*** RECORDS TO USE Section Begins ***

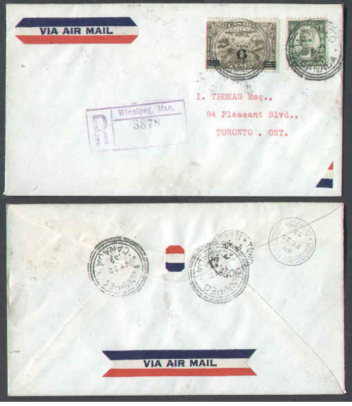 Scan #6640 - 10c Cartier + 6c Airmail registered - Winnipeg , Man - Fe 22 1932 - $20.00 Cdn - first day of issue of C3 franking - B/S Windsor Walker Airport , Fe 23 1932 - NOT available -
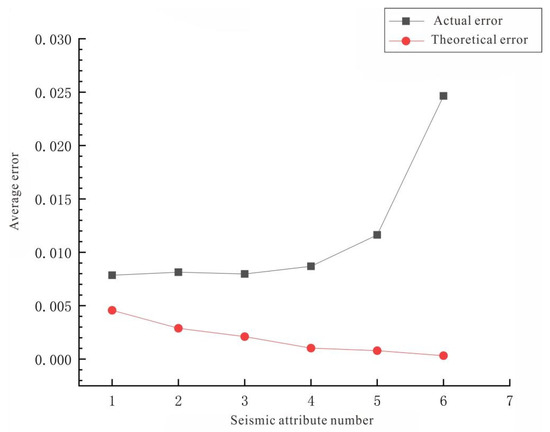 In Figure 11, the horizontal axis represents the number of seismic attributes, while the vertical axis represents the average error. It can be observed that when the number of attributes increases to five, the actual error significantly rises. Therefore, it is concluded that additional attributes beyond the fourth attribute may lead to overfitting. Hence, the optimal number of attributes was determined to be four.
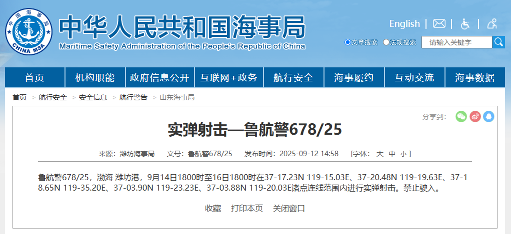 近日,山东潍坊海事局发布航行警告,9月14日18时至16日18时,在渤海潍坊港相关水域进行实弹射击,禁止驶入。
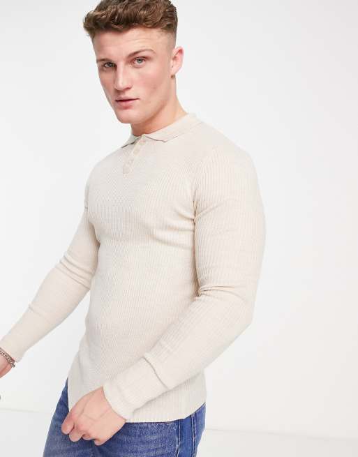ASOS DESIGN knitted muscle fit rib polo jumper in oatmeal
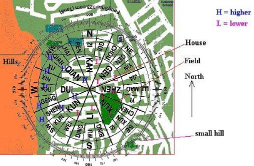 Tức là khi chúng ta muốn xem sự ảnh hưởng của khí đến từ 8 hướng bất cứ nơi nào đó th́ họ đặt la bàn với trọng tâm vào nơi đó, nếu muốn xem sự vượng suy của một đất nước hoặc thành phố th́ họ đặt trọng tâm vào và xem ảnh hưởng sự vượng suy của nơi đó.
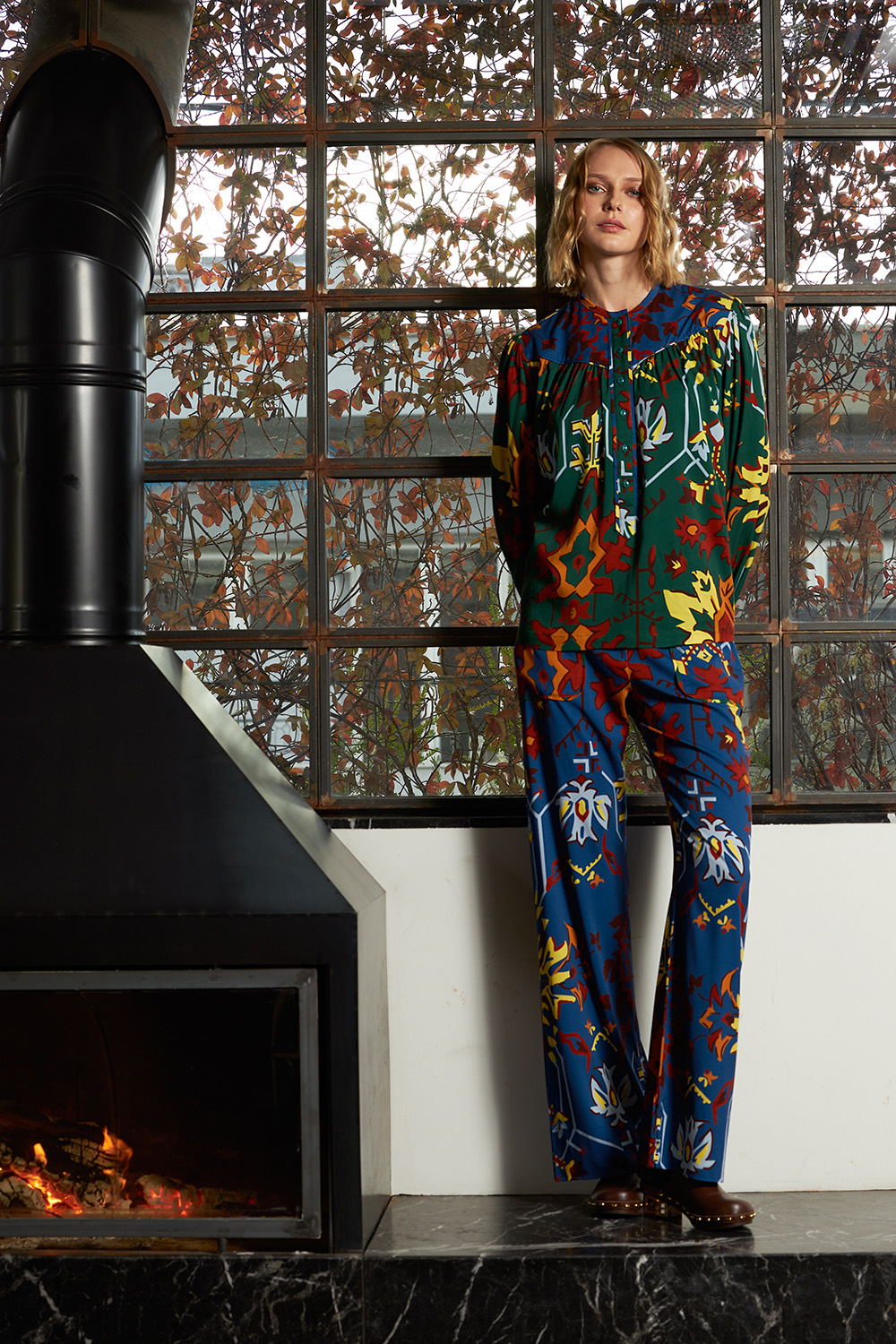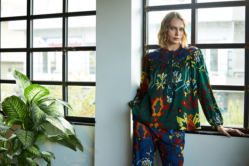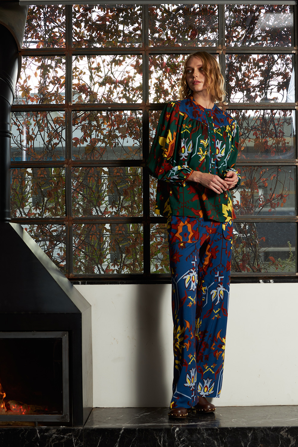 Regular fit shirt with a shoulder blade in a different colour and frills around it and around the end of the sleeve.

*** RECORDS TO USE Section Ends ***
*** RECORDS TO USE Section Begins ***

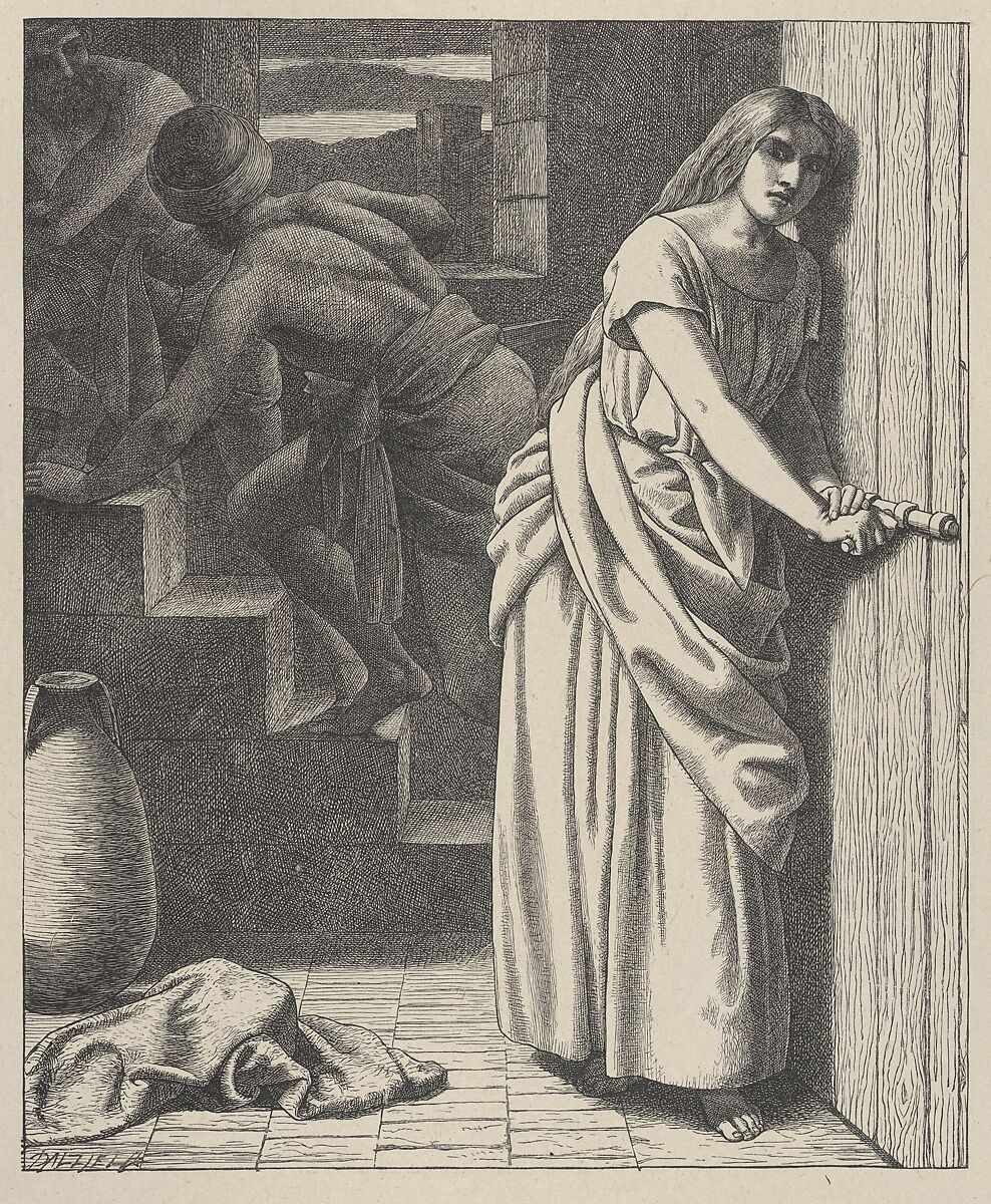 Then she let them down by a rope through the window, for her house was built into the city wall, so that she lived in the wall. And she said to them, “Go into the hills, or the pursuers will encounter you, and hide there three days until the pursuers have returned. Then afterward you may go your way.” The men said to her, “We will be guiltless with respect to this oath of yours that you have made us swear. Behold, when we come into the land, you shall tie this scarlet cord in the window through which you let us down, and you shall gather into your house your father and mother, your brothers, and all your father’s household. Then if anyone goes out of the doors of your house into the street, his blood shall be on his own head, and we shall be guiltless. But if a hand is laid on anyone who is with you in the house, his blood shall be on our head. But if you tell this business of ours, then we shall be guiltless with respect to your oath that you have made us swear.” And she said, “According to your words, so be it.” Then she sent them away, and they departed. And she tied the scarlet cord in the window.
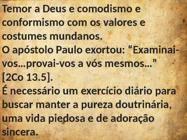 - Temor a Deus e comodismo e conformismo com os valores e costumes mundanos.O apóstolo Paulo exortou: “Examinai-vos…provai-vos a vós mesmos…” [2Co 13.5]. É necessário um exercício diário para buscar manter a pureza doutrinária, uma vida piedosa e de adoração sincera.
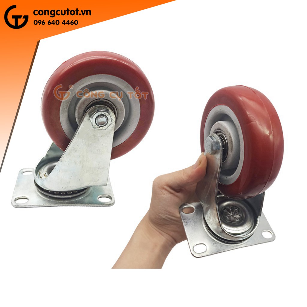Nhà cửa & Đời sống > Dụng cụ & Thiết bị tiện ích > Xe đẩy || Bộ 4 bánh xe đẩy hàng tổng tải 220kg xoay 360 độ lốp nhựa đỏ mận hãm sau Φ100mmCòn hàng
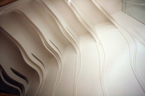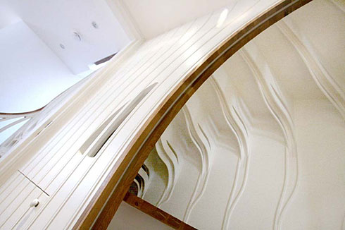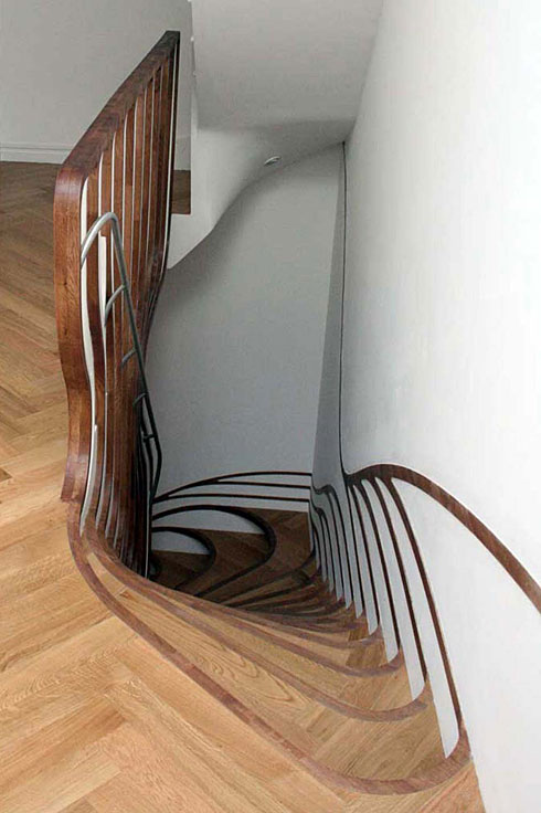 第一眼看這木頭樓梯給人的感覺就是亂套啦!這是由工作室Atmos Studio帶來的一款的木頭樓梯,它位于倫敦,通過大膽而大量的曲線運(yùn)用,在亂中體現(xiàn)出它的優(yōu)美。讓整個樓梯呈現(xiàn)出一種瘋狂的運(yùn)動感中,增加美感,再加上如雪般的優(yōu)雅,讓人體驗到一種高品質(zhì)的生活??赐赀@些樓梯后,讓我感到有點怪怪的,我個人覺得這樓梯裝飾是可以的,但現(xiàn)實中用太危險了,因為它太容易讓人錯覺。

*** RECORDS TO USE Section Ends ***
*** RECORDS TO USE Section Begins ***

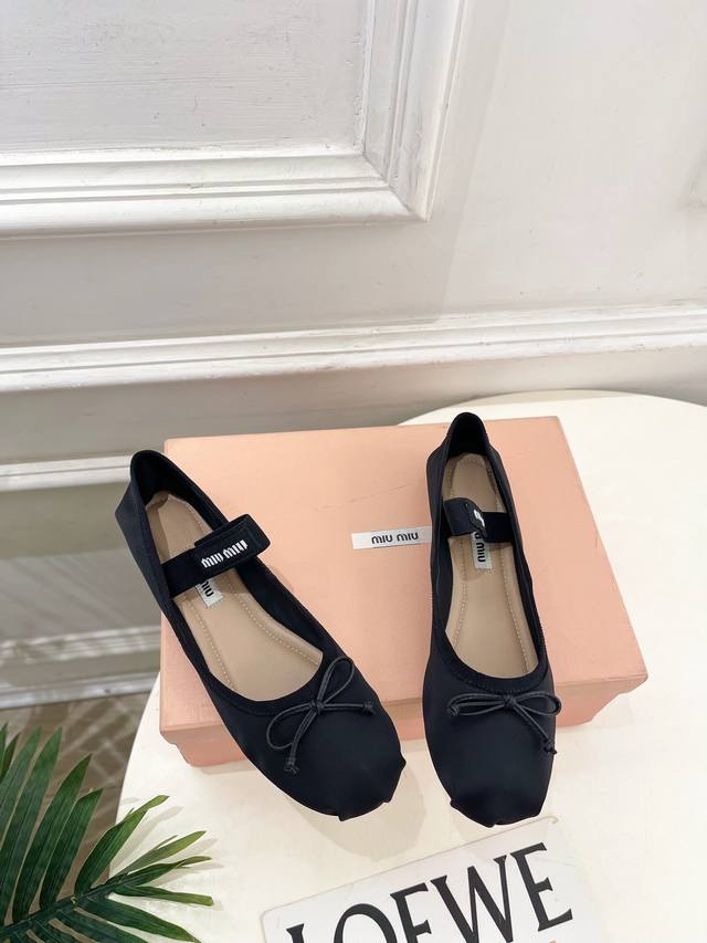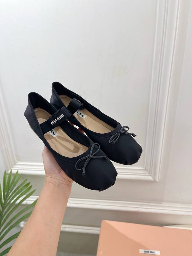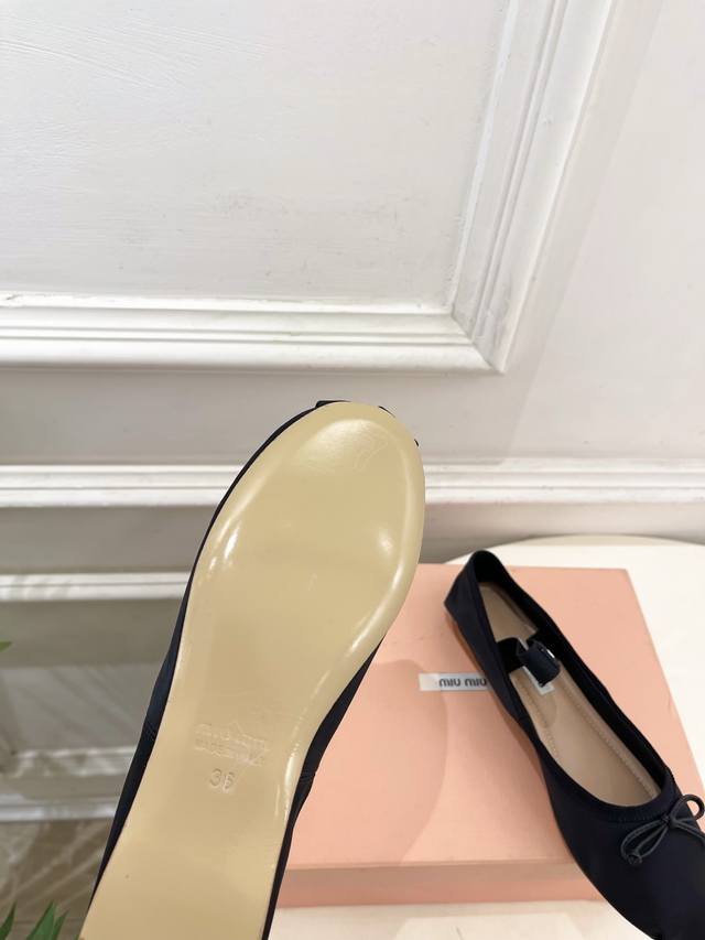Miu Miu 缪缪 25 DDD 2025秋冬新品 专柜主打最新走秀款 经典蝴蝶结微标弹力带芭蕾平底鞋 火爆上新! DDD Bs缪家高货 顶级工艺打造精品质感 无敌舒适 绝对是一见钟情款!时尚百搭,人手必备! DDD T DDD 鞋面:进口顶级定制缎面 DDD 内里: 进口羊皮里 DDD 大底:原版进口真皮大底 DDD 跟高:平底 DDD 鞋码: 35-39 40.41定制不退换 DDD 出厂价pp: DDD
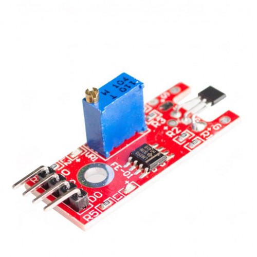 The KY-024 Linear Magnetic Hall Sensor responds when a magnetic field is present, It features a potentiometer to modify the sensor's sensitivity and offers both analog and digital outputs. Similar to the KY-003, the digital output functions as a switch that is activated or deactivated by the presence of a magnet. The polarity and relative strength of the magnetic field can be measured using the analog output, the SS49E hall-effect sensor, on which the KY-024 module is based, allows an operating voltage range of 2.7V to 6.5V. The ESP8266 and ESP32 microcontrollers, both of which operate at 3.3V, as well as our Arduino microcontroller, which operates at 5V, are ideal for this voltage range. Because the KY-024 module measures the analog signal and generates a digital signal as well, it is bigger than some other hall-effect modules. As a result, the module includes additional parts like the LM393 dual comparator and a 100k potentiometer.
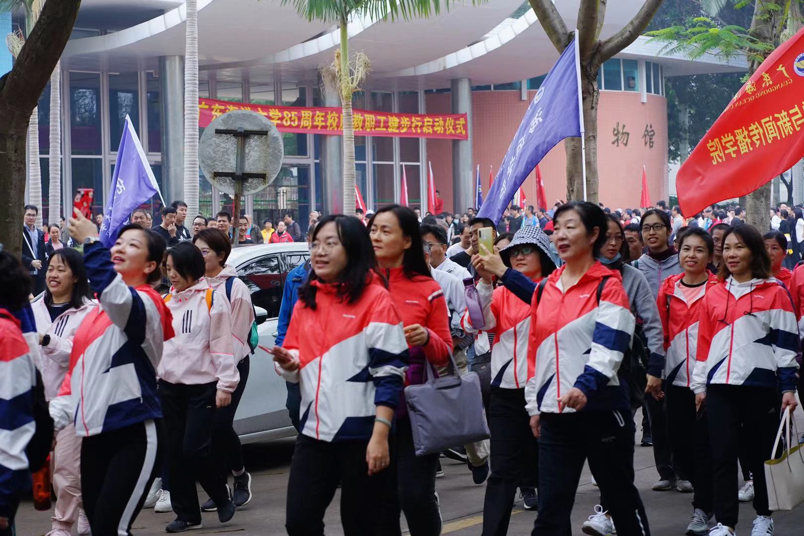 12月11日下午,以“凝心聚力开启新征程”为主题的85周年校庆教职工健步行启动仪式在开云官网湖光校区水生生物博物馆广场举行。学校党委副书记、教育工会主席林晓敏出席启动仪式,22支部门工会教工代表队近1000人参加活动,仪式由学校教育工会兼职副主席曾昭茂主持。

*** RECORDS TO USE Section Ends ***

WHAT YOU HAVE TO DO -
From the records above, transcribe only the stretch from the line with "Scan #6640 - 10c" through the line with "Regular fit shirt", keeping both ends. Omit pictures.

SOLUTION BELOW -
 Scan #6640 - 10c Cartier + 6c Airmail registered - Winnipeg , Man - Fe 22 1932 - $20.00 Cdn - first day of issue of C3 franking - B/S Windsor Walker Airport , Fe 23 1932 - NOT available -
 In Figure 11, the horizontal axis represents the number of seismic attributes, while the vertical axis represents the average error. It can be observed that when the number of attributes increases to five, the actual error significantly rises. Therefore, it is concluded that additional attributes beyond the fourth attribute may lead to overfitting. Hence, the optimal number of attributes was determined to be four.
 近日,山东潍坊海事局发布航行警告,9月14日18时至16日18时,在渤海潍坊港相关水域进行实弹射击,禁止驶入。
ASOS DESIGN knitted muscle fit rib polo jumper in oatmeal
 Tức là khi chúng ta muốn xem sự ảnh hưởng của khí đến từ 8 hướng bất cứ nơi nào đó th́ họ đặt la bàn với trọng tâm vào nơi đó, nếu muốn xem sự vượng suy của một đất nước hoặc thành phố th́ họ đặt trọng tâm vào và xem ảnh hưởng sự vượng suy của nơi đó.
 Regular fit shirt with a shoulder blade in a different colour and frills around it and around the end of the sleeve.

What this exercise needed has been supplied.